J4Js is financed and 'strategized' by Christian Right churches, principally the Southern Baptists. They're an offshoot of the late Seventies/early Eighties Christian Right wave of activism. In their first few years they picked off a small bunch of American Jews, but most of them seem to have walked away after a few months or years. Their successful period was the wake of the 1988-1992ish wave of immigration of Russian Jews into the U.S.- I think at their peak around 1995-96 they claimed about 20,000 members in their congregational religious arm, and last I checked that was down to 12,000 in ~2001. They're now focussed on proselytizing and 'converting' the elderly Jewish population that chose to remain in the countries of the former Soviet Union and the Balkans.
If you understand their target audience to be elderly Russian emigrees whose essential beliefs are contempt for Soviet Communism and little tangible connection to Judaism- no raising in it, little sense of the religion or full ethos, many are part Jewish and/or simply don't have any Semitic features- and whose life in the U.S. (or, in part, Eastern Europe) seems absurd even to themselves, then this pamphlet comes across as not that crude a play at what these people resent and their experience and the alienation they feel.
Another thing to point out is the resemblence of the message in this pamphlet to Libertarian/Objectivism in its political ideology.

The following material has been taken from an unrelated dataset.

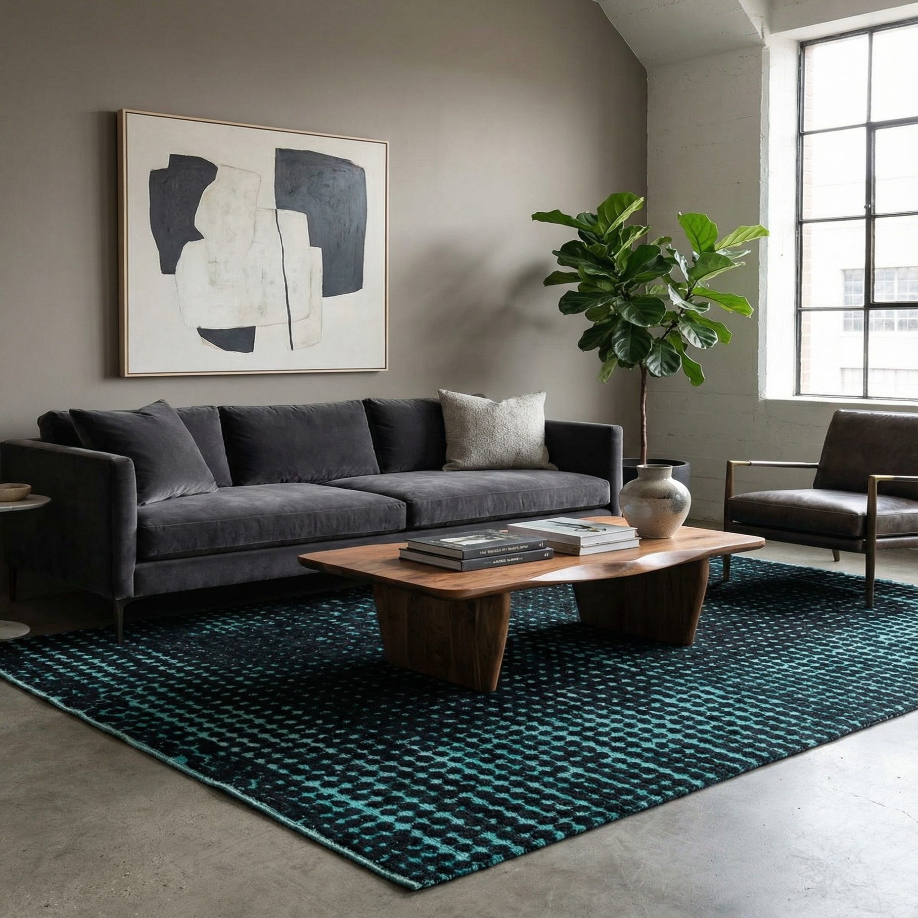 Primary color is Black. Colors in this rug include: Black, Navy Blue.

Let me point out that Ayn Rand was born Alissa Rosenbaum in the Ukraine and raised secularly. After her family fled the Soviet Union and immigrated to the U.S. she became a writer and found this brand of politics, which makes no sense whatsoever unless you realize that it is simply an embrace and brewing together of all secular ideals opposite to those of Soviet Communism. It's a reactionary movement to Soviet Communism. Also don't forget that via their Southern Baptist funding, J4J is forced to work to benefit the Christian Right/Republican political effort too. Russian emigrees tend to fall for the Republican tough-on-enemies/anti-'socialism' line anyway; they see American things through the lens of their harsh Russian experience and take some time to understand the full situation here. (Russian emigrees are a mainstay for Sharon's hardline politics in Israel, btw.)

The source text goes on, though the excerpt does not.